By Codcompass TeamΒ·Β·11 min read

Current Situation Analysis

When I audited the mobile CI/CD pipeline at scale, the metrics were alarming. Our average PR took 42 minutes to pass CI. iOS builds consumed 28 minutes alone due to full recompilation on every run. Android Gradle builds added another 14 minutes with dependency resolution overhead. The result?

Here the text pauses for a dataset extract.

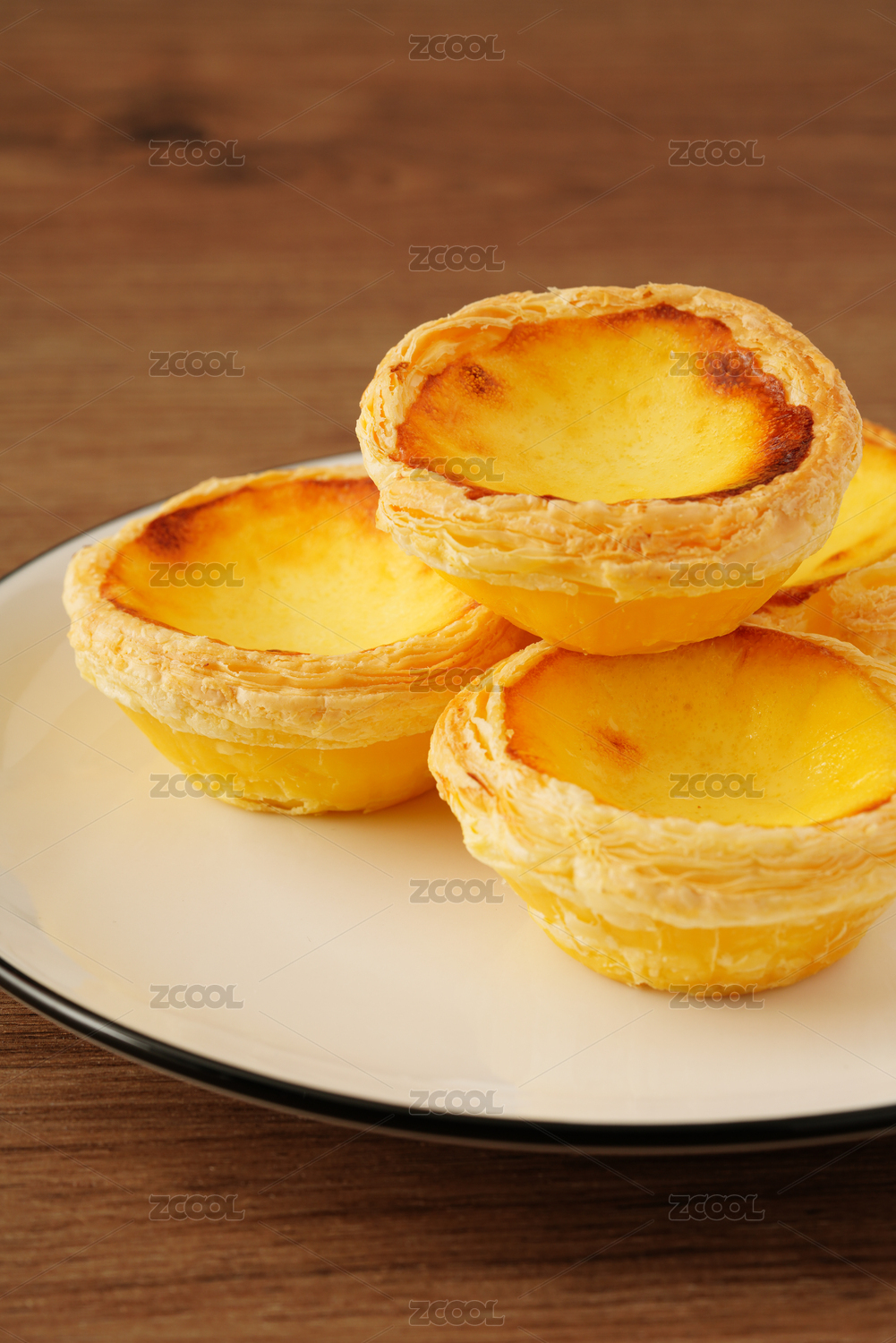 棕色木纹桌面上放着烤熟的蛋挞

Developer churn increased by 18% because engineers were merging without waiting for green builds, leading to a 12% flake rate in our UI test suite that blocked releases for hours.

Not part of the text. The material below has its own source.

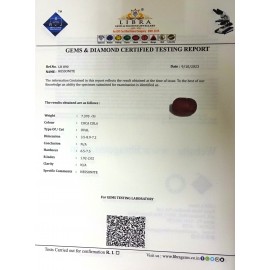 REPORT NO . LH 47CLARITY . N/ACOLOUR . COCA COLASHAPE / CUT . OVALWT . 6.24 CTSDIMENSION . 3-1.9-7.5-6.R . INDEX . 1.92-2.02HARDNESS . 6.5-7.5COMMENT . HESSONITE..

Most tutorials suggest "add caching" or "use parallel jobs." This is naive. Caching a broken strategy just makes a bad pipeline faster. The fundamental flaw in 90% of mobile pipelines is the monolithic execution model: build -> test -> upload. This treats every commit as a fresh start. If a developer changes a single string in a utility file, the pipeline recompiles the entire app binary, reruns all 4,000 unit tests, and spins up a full simulator farm. This is computationally wasteful and financially irresponsible.

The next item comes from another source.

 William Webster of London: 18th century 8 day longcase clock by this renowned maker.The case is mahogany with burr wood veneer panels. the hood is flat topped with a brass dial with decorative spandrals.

The bad approach looks like this:

# ANTI-PATTERN: Monolithic Pipeline
- run: ./gradlew assembleDebug # Full build
- run: fastlane build         # Full build
- run: fastlane test          # Runs ALL tests
- run: upload_to_firebase     # Waits for everything

This fails because it ignores the dependency graph. A change in UserModel.swift should not trigger LoginScreenUITests. A change in build.gradle should not trigger a recompile of native C++ libraries if the ABI is stable. We needed to stop treating the pipeline as a script and start treating it as a stateful graph of artifacts.

WOW Moment

The paradigm shift: Decouple artifact generation from validation using Predictive Test Pruning and Artifact-First Promotion.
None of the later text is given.